The chemical is also translocated pretty quickly throughout the plant and the plant dies within a few days of exposure. It sounds pretty scary, but if we look at the lethal dose in mg/Kg to kill 50 percent of a rat population (LD50) of glyphosate it is >5000 mg/Kg. Gasoline is 50 mg/Kg.
We handle gasoline all the time, usually without gloves and it is 100 times more toxic. When examining LD50 levels; the bigger the number the safer the product.
The mode of action a pesticide works is in the biochemistry of the organism exposed (plant, insect, mollusk, etc…). When we have a headache, we take an aspirin. Frankly, aspirin does not do much of anything for a plant, and its LD50 level is 1200mg/Kg.
There are many pathways shared across animals and plants, however. Reading the label and following the safety recommendations will protect you from the product and allow for proper usage, leading to better results. Well let’s summarize: we have a plant pathway that is responsible for several vital functions such as protein, lignin, and auxin (plant hormone) synthesis.
There is a compound called glyphosate that stops the pathway and kills the plant quickly. It is relatively nontoxic to us due to its effect on a pathway that we don’t have. Glyphosate was thus used as a broad-spectrum pesticide to get rid of unwanted plant growth.

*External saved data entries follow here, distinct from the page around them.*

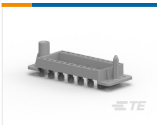
TE 产品编号T2071244201-000 H24BP-T6-F DOCKING FRAME_FIXED
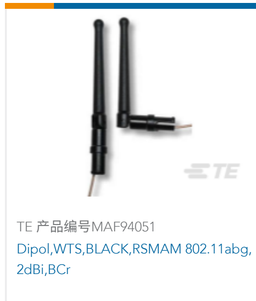
TE 产品编号MAF94051 Dipol,WTS,BLACK,RSMAM 802.11abg, 2dBi,BCr
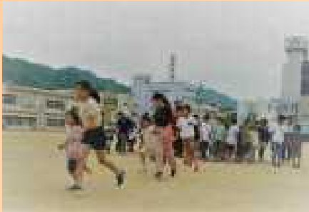
子どもの振り返りより

5月26日(木), 延期されていた訓練を実施しました。自分の身は自分で守ることができるように, 放課後, 学校が休みの日でも避難できる備えをしておきましょう。

So what happened next after glyphosate was discovered in 1970? In the early 1980s scientists knew of a bacterium in the genus Salmonella known to have the same shikimate pathway as plants, but was more tolerant to the compound glyphosate, due to essentially one amino acid change in the protein.

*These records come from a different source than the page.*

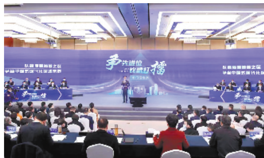
2023鄞州区“争先进位·比武打擂”活动

营商环境，“优”无止境。鄞州正以优化营商环境为“源头活水”，激活区域高质量发展的“一池春水”。
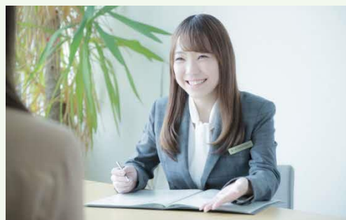
【求職者様との面談の様子】
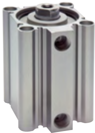
Ø 32 - 100 mm
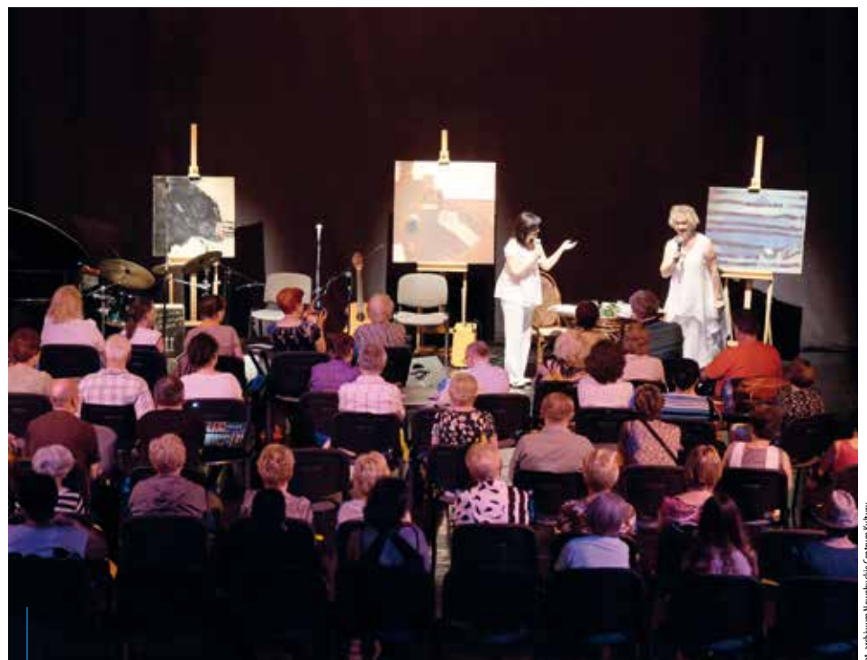
Seniorzy podczas spotkania w Nowohuckim Centrum Kultury

skie instytucje kultury równie chętnie otwierają swe podwoje dla osób starszych, a informacji o ich ofercie można szukać w internecie na stronach: www.krakow.pl oraz www.dlaseniora.krakow.pl .

The gene was cloned and transformed into tobacco plants by Rose and Stalker et al.
This gene was now able to reactivate the pathway in the presence of glyphosate and survive the herbicide exposure. The current market varieties of glyphosate-resistant plants have come from transformations from other species with a similar tolerant enzyme as the Salmonella sp. used in Rose and Stalker’s experiment.
However this was one of the major breakthroughs in creating a plant that was tolerant to glyphosate for commercial use, the paper was published in 1985.
To date there are several crops that have the glyphosate-resistant genes in them: corn, soybean, cotton, canola, alfalfa, and sugarbeets that are in commercial production. Glyphosate is also widely used in the home garden as a chemical means of weed control.
The chemical does not have residual effects like many herbicides. For most crops, the label recommends about a week before replanting the area. Different formulations and crops will require variances on replanting, however. Consult the label for specifics.
Glyphosate will be broken down by sun exposure and soil microbes. When glyphosate comes into contact with soil particles, it binds to the particle where it will degrade away.
The glyphosate molecule has a high affinity for soil and will not leach through the water very easily. Also, once it is bound to the soil it becomes inert and will not have any herbicide effects on plants grown in the area because the plant will not be able to uptake the chemical in its system.
Eating genetically modified plants that contain the glyphosate resistance gene will not harm you. Genetic modification is a new (30 years) realm of technology that has been incorporated into modern agriculture.
Along with being a new technology, it can be used to modify food. Food is strongly tied to culture and is necessary for life.
It is expected that people will have concerns and questions. Concerns about how food is handled are why agencies like USDA, ODA, and Extension exist. In Extension, our mission is to engage and strengthen lives through research based information. Our offices are receptive to questions all over the country.